Radical Islam is self-evidently at war with the West because their efforts are limited only by their capability. And the West is just as clearly not yet at war with radical Islam because its actions are still limited by its intent. Zarqawi sawed off Bigley's head simply because he could; America spares Fallujah from choice (boldface as in original).

Click here for the Belmont Club link. The censored Steyn column is available in full (thanks to Lucianne Goldberg) by going here. The ensuing discussion on Lucianne.com is especially interesting because of its speculation on the motives of Steyn’s editors. My own belief, apparently not shared by anyone else on the thread, is that Steyn’s column was killed to comply with British “hate-speech” laws that would prohibit any genuinely telling discussion of Islamic atrocities, though whether these laws are merely proposed or already enacted I don’t recall and didn’t have the time to check.

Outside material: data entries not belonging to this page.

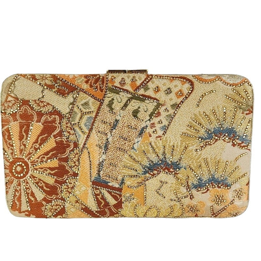 Vintage Judith Leiber Bag Rhinestone Studded Floral Fabric & Gold Leather
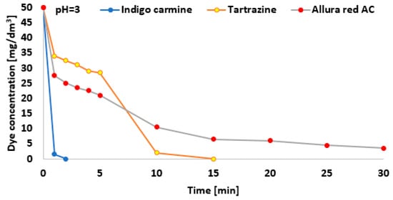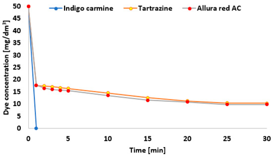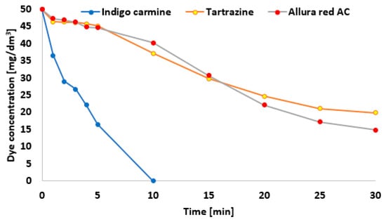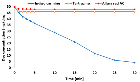 Oxidation reactions were carried out on a 4-station magnetic stirrer at a constant stir-ring speed of 100 rpm under ambient conditions (ambient temperature, atmospheric pressure). The beakers with a capacity of 100 cm3 were filled with 50 cm3 of solutions of Indigo carmine/Tartrazine/Allura red AC dyes at a concentration of 50 mg/dm3. Each process was carried out at the initial pH value of the dye solutions (5.5) and using a pH correction to a value of 3 ± 0.2 using a hydrochloric acid solution. The first stage of the study consisted of evaluating the effectiveness of the oxidation process of the dyes tested by adding 30% hydrogen peroxide in the form of hydrogen peroxide to the individual solutions at a dose of 15, 30, and 60 µL. The oxidation processes of the mixture containing Indigo carmine, Tartrazine, and Allura red AC were carried out for 30 min. After this time, the samples were collected and neutralized with sodium hydroxide solution and then analyzed.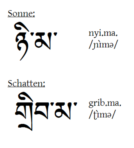 | "Sonne" und "Schatten" auf Tibetisch Warum eigentlich immer Tibetisch? Na wenigstens sind's hier keine albernen Namen. Erkl |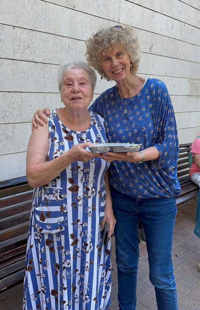 Het team van de Christian Embassy in het Haifa Home reageerde vanaf de eerste dag van het conflict snel. De keuken en eetzaal waren elke ochtend en middag in volle bedrijf om warme maaltijden te bereiden en te verpakken voor overlevenden van de Holocaust, niet alleen voor onze bewoners, maar ook voor anderen in de omgeving van Haifa. Elke dag werden bijna 400 warme maaltijden gekookt, verpakt en bezorgd aan overlevenden van de Holocaust, van wie sommigen te bang of te zwak waren om hun huis te verlaten. Elke maaltijd, persoonlijk bezorgd door zorgzame vrijwilligers, was een boodschap van liefde en zorg; een herinnering voor elke overlevende dat ze niet vergeten zijn, dat iemand hen ziet.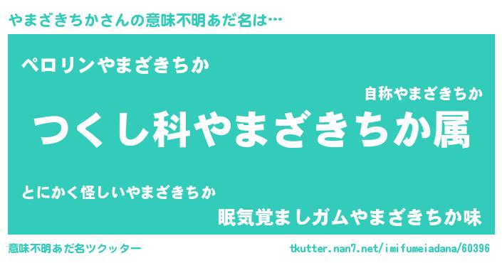 | 男性向けラノベタイトル風あだ名 | 『やまざきちか~年齢イコール彼女いない歴の魔法使い~』 |

In any case, such laws are already in effect in Canada, where they have been employed to sharply curtail freedom of speech, specifically both secular criticism of radical feminism and Christian Fundamentalist arguments against homosexuality. This is significant because a Kerry presidency would probably mean enactment of similar laws in the U.S., outlawing public discussion of any number of topics arising from negative facts or perceptions specific to religion, race, ideology and sexual preference: yet another reason to vote for George W. Bush.